Os íons positivos são arranjados em geometrias diferentes em torno do DNA e RNA:nas chamadas geometrias ligadas ao local ou pares de contato, um íon positivo está localizado em contato direto com um átomo de oxigênio de um grupo fosfato. Em contraste, a chamada atmosfera de íons externos consiste em íons positivos separados por pelo menos uma camada de moléculas de água dos grupos fosfato. O papel funcional das diferentes geometrias e as interações subjacentes estão longe de ser compreendidas. Uma visão mais profunda no nível molecular requer sondas altamente sensíveis que permitem discernir as diferentes geometrias de íons sem perturbá-los, e para mapear sua dinâmica na escala de tempo ultrarrápida dos movimentos moleculares.
Fig. 2:Topo:Estrutura molecular de um par de íons de contato consistindo de fosfato de dimetila (DMP) e um íon de magnésio Mg2 embebido em água. As setas marcam os alongamentos das ligações fósforo-oxigênio na vibração de alongamento PO2 assimétrico. Abaixo:espectros de infravermelho bidimensional (2D-IR) da vibração de alongamento PO2 assimétrica medida em um tempo de espera T =500 fs após a excitação vibracional. A resposta vibracional é mostrada em função da excitação infravermelha e das frequências de detecção e consiste em um componente P1 das moléculas DMP sem um íon de magnésio na vizinhança e na contribuição P2 dos pares de íons de contato. Este último é deslocado para frequências mais altas devido à interação entre PO2- e Mg2. Crédito:MBI Berlin
Em uma publicação recente, pesquisadores do Instituto Max Born (MBI) demonstram que as vibrações de grupos de fosfato representam sondas sensíveis e não invasivas de geometrias de íons em um ambiente aquático.
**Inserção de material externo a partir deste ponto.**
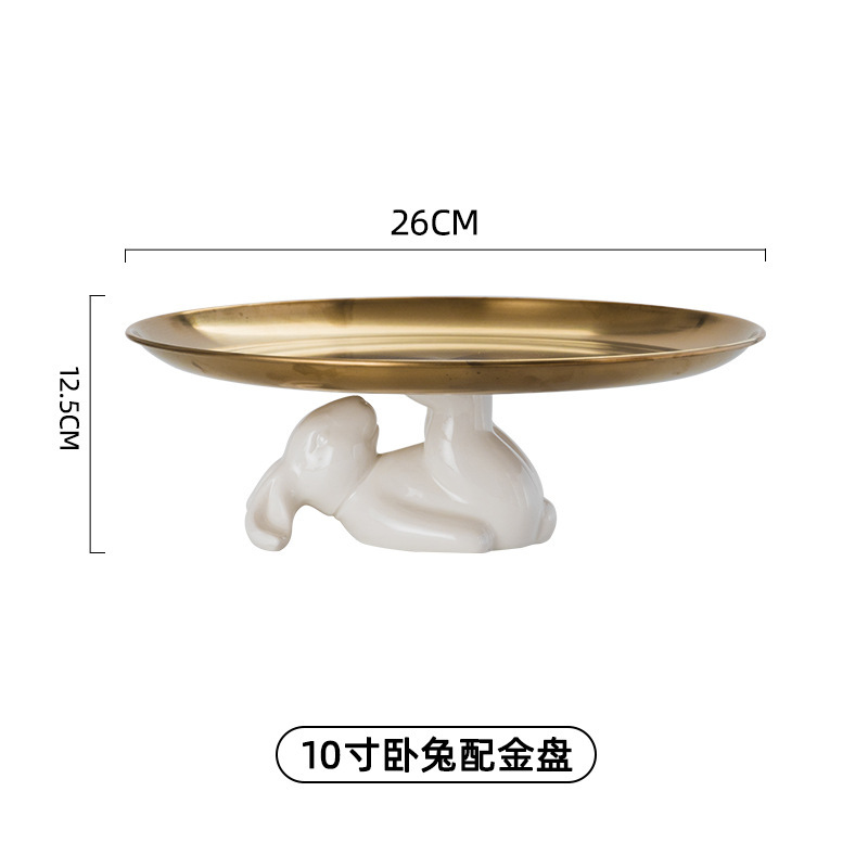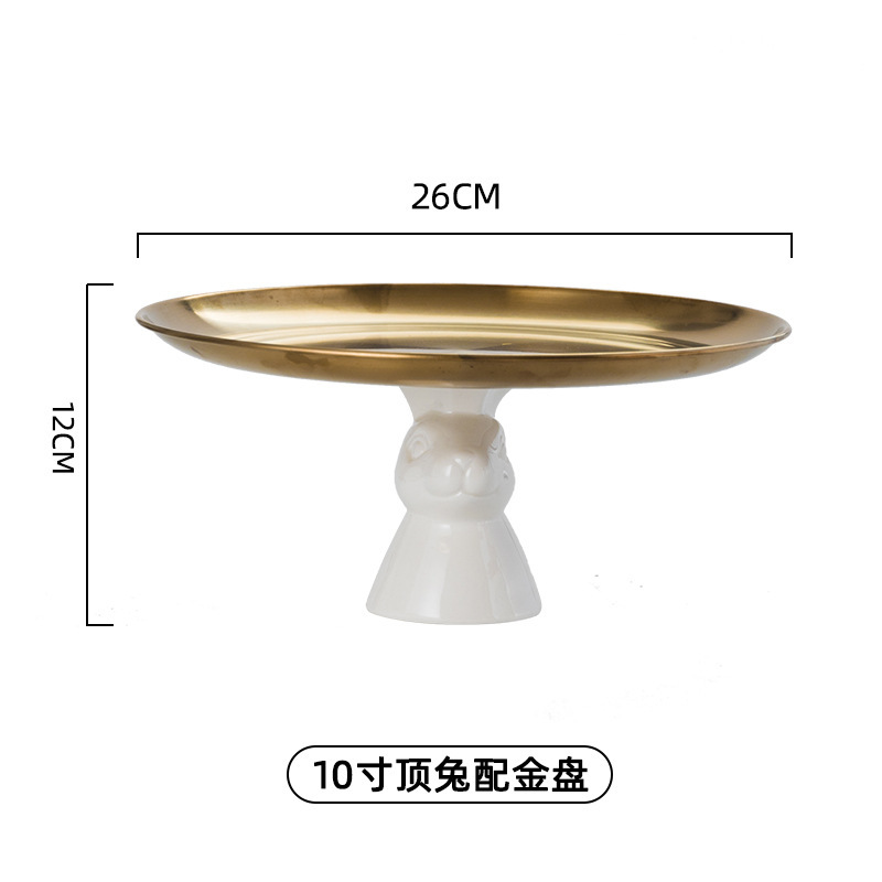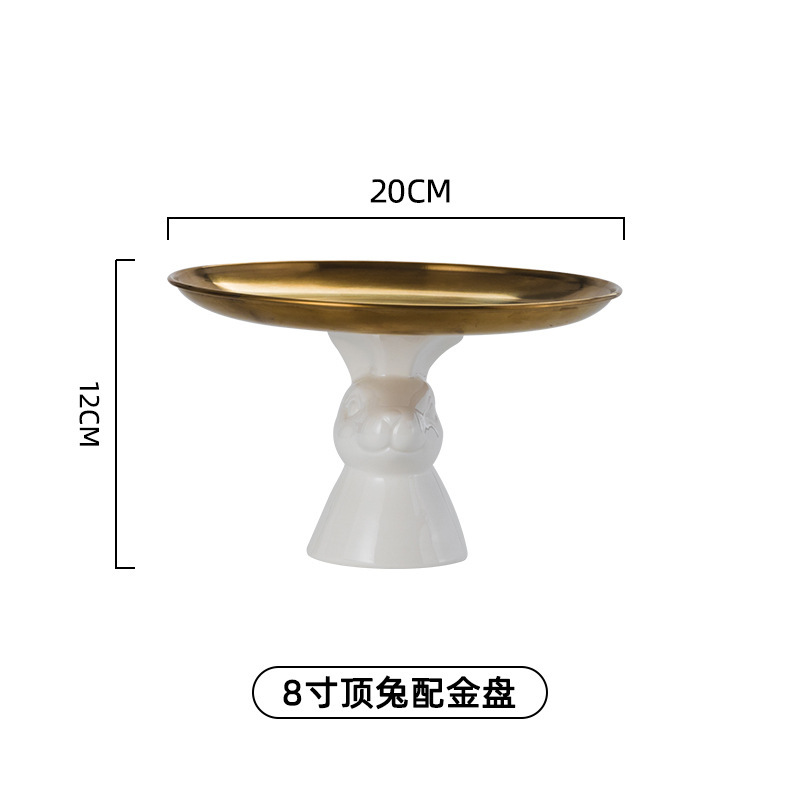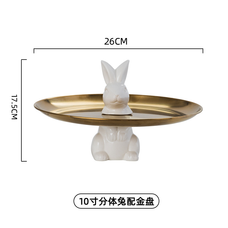 스테인레스 스틸 플레이트 케이크 플레이트와 새로운 창조적 인 세라믹 동물 토끼 보석 주요 화장품 저장 트레이

Dimetilfosfato (DMP, (CH 3 O) 2PO 2- ), um sistema modelo estabelecido para a estrutura do DNA e RNA, foi preparado em água líquida com um excesso de Mg 2+ íons (Figura 2, topo) e estudado por espectroscopia vibracional não linear no domínio do tempo femtossegundo (1 fs =10 -15 s). Os experimentos fazem uso de espectroscopia infravermelha bidimensional (2-D-IR), um método mais sofisticado para analisar as interações iônicas e estruturas na escala de tempo intrínseca de movimentos moleculares flutuantes.
Os experimentos mapeiam Mg 2+ íons em contato direto com um PO 2- grupo por meio de um recurso distinto no espectro 2-D-IR (Figura 2, fundo). A interação com o Mg 2+ íon muda o PO assimétrico 2- alongamento da vibração para uma frequência que é maior do que na ausência de Mg 2+ íons. A forma de linha e a evolução temporal deste novo recurso revelam flutuações da geometria do par de íons de contato e a concha de água embutida em uma escala de tempo de centenas de femtossegundos, enquanto o próprio par de contato existe por muito mais tempo (~ 10 -6 s). Uma análise teórica aprofundada mostra que o equilíbrio sutil de forças eletrostáticas atrativas (Coulomb) e forças repulsivas devido à interação de troca mecânica quântica governam a posição de frequência da vibração de fosfato.
A capacidade da espectroscopia 2-D-IR de caracterizar a interação íon-fosfato de curto alcance em solução fornece uma nova ferramenta analítica que complementa as técnicas estruturais disponíveis atualmente. Uma extensão desta nova abordagem para DNA e RNA e seu ambiente iônico é mais promissora e espera-se que forneça novos insights sobre as forças que estabilizam as estruturas de equilíbrio e conduzem os processos de dobramento.